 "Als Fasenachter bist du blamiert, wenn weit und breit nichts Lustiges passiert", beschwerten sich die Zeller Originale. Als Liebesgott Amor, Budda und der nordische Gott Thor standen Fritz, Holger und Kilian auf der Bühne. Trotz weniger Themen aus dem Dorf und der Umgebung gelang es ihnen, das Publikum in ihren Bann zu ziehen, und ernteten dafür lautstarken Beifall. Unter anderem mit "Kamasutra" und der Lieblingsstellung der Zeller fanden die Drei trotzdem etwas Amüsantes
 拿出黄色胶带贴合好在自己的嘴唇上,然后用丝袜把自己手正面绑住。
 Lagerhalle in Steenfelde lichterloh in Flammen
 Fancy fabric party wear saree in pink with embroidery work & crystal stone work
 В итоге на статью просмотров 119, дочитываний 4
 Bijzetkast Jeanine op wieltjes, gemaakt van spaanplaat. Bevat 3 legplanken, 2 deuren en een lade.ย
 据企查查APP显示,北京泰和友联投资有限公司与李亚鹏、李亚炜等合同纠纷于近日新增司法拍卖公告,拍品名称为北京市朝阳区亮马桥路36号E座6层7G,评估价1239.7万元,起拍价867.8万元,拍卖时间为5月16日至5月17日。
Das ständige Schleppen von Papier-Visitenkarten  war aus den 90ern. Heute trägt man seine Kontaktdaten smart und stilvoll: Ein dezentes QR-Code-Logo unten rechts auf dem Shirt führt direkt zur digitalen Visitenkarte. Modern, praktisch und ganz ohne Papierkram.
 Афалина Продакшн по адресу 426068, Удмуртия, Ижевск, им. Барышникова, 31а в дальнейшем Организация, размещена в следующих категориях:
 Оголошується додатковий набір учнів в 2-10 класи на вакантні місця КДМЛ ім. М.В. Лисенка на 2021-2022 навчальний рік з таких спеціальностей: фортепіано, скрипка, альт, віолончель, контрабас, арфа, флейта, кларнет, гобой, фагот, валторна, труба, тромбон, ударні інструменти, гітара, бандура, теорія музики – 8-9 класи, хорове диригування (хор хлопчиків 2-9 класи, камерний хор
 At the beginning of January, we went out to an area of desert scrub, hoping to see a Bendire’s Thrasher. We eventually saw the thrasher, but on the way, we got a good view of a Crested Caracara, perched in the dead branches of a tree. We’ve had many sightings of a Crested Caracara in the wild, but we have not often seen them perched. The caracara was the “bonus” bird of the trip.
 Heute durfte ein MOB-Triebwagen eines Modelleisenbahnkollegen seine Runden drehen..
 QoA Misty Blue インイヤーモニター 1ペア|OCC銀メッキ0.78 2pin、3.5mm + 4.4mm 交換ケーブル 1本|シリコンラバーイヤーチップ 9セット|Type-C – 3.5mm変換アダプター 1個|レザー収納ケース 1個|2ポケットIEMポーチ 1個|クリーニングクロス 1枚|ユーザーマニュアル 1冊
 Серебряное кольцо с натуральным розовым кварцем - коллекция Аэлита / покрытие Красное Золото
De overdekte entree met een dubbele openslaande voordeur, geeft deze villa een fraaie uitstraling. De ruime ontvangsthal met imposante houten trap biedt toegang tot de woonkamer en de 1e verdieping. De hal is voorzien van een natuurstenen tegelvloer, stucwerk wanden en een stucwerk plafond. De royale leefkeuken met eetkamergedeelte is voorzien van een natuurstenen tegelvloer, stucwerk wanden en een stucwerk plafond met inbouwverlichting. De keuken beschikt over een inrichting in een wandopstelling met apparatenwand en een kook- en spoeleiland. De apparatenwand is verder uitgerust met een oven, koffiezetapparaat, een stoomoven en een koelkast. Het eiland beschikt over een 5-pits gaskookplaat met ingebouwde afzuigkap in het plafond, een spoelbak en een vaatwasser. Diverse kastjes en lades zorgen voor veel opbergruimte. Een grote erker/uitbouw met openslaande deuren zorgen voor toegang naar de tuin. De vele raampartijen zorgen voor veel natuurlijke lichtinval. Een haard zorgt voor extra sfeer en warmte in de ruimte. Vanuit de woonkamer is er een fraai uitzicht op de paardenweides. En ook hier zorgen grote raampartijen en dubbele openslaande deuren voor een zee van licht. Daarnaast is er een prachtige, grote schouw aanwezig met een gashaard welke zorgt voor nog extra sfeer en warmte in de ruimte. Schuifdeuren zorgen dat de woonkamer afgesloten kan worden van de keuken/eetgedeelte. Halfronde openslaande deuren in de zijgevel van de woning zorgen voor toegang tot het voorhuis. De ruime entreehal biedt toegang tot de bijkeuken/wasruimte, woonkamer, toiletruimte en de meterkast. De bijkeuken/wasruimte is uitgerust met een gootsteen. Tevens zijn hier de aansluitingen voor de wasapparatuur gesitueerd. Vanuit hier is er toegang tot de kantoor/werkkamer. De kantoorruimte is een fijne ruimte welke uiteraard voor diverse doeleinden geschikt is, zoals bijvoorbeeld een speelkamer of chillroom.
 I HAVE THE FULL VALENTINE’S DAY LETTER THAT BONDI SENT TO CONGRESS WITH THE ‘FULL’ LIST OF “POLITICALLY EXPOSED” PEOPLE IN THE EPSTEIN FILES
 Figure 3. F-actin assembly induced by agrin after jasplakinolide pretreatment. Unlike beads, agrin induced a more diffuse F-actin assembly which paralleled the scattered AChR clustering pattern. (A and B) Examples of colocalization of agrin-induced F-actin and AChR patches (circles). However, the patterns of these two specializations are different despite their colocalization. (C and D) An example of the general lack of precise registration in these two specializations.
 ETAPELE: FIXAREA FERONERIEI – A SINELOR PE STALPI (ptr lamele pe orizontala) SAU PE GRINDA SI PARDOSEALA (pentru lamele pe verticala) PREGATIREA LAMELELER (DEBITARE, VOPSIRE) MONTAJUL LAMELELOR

● Task requirements: Scan the entries for lines holding the string "seine", then copy every one of them.

● Result of this task:
Das ständige Schleppen von Papier-Visitenkarten  war aus den 90ern. Heute trägt man seine Kontaktdaten smart und stilvoll: Ein dezentes QR-Code-Logo unten rechts auf dem Shirt führt direkt zur digitalen Visitenkarte. Modern, praktisch und ganz ohne Papierkram.
 Heute durfte ein MOB-Triebwagen eines Modelleisenbahnkollegen seine Runden drehen..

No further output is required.